And it has a different input specifier, %s, for reading in arbitrary strings.
But scanf does not have any single input specifier that means, "Read in an integer as an integer if the user types a valid integer, but if the user types something like "q", have a way so I can get my hands on that string instead."
Unless you want to move mountains and implement your own general-purpose input library from scratch, I think you have basically three options:
Use scanf with %d to read integers as integers, but check scanf's return value, and if scanf fails to read an integer, use that failure to terminate input.
Use scanf with %s to read the user's input as a string, so you can then explicitly test if it's a "q" or not. If not, convert it to an integer by hand. (More on this below.)
Don't use scanf at all.
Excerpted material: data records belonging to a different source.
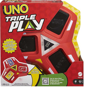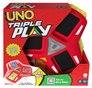 The UNO Triple Play game is 3x the fun, with this special unit that holds 3 discard piles & features exciting lights & sounds for suspense & surprise! Game play is like classic UNO, but players may only discard to any pile(s) that are lit up on their turn. If any pile gets too many cards in it, it may OVERLOAD! If it does, the LED display dictates how many cards must be drawn! Lights & arcade sounds on the machine create maximum anticipation & excitement, & the 'Timer Mode' makes the game move even faster!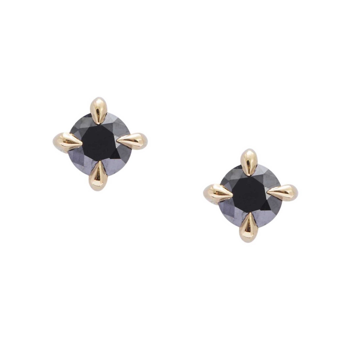 This pair of stunners are truly a dark horse. These black diamonds are set in our hand forged 14k gold. Eagle prongs set the gems in place with a cool edge. They compliment any outfit on any occasion.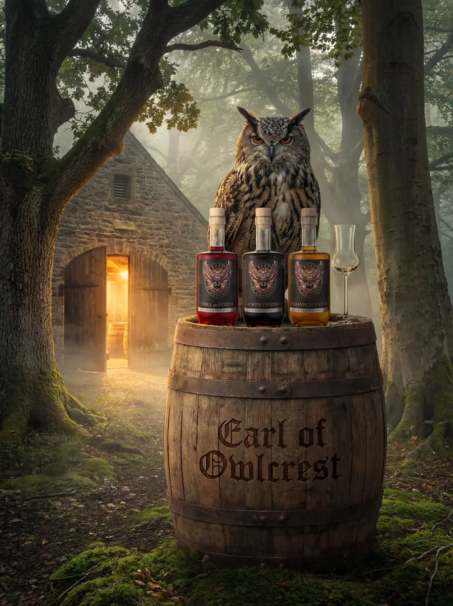 Bei Earl of Owlcrest zelebrieren wir die Kunst des Genießens. Unsere Liköre sind mehr als nur Getränke – sie sind flüssige Poesie, geschaffen für wahre Kenner.

Use fgets to read the user's input as a whole line of text. Then see if it's a "q" or not. If not, convert it to an integer by hand.
Number 1 looks something like this:
while(some loop condition) {
printf("enter next integer, or 'q' to quit:\n");
if(scanf("%d", &i) != 1) {
/* end of input detected */
break;
}
do something with i value just read;
}
The only problem with this solution is that it won't just stop if the user types "q", as your original problem statement stipulated. It will also stop if the user types "x", or "hello", or control-D, or anything else that's not a valid integer. But that's also a good thing, in that your loop won't get confused if the user types something unexpected, that's neither "q" nor a valid integer.
My point is that explicitly checking scanf's return value like this is an excellent idea, in any program that uses scanf. You should always check to see that scanf succeeded, and do something different if it fails.
Number 2 would look something like this:
char tmpstr[20];
while(some loop condition) {
printf("enter next integer, or 'q' to quit:\n");
if(scanf("%19s", tmpstr) != 1) {
printf("input error\n");
exit(1);
}
if(strcmp(tmpstr, "q") == 0) {
/* end of input detected */
break;
}
i = atoi(tmpstr); /* convert string to integer */
do something with i value just read;
}
This will work well enough, although since it uses atoi it will have certain problems if the user types something other than "q" or a valid integer. (More on this below.)
Number 3 might look like this:
char tmpstr[20];
while(some loop condition) {
printf("enter next integer, or 'q' to quit:\n");
if(fgets(tmpstr, 20, stdin) == NULL) {
printf("input error\n");
exit(1);
}
if(strcmp(tmpstr, "q\n") == 0) {
/* end of input detected */
break;
}
i = atoi(tmpstr); /* convert string to integer */
do something with i value just read;
}
One thing to note here is that fgets includes the newline that the user typed in the string it returns, so if the user types "q" followed by the Enter key, you'll get a string back of "q\n", not just "q". You can take care of that either by explicitly looking for the string "q\n", which is kind of lame (although it's what I've done here), or by stripping the newline back off.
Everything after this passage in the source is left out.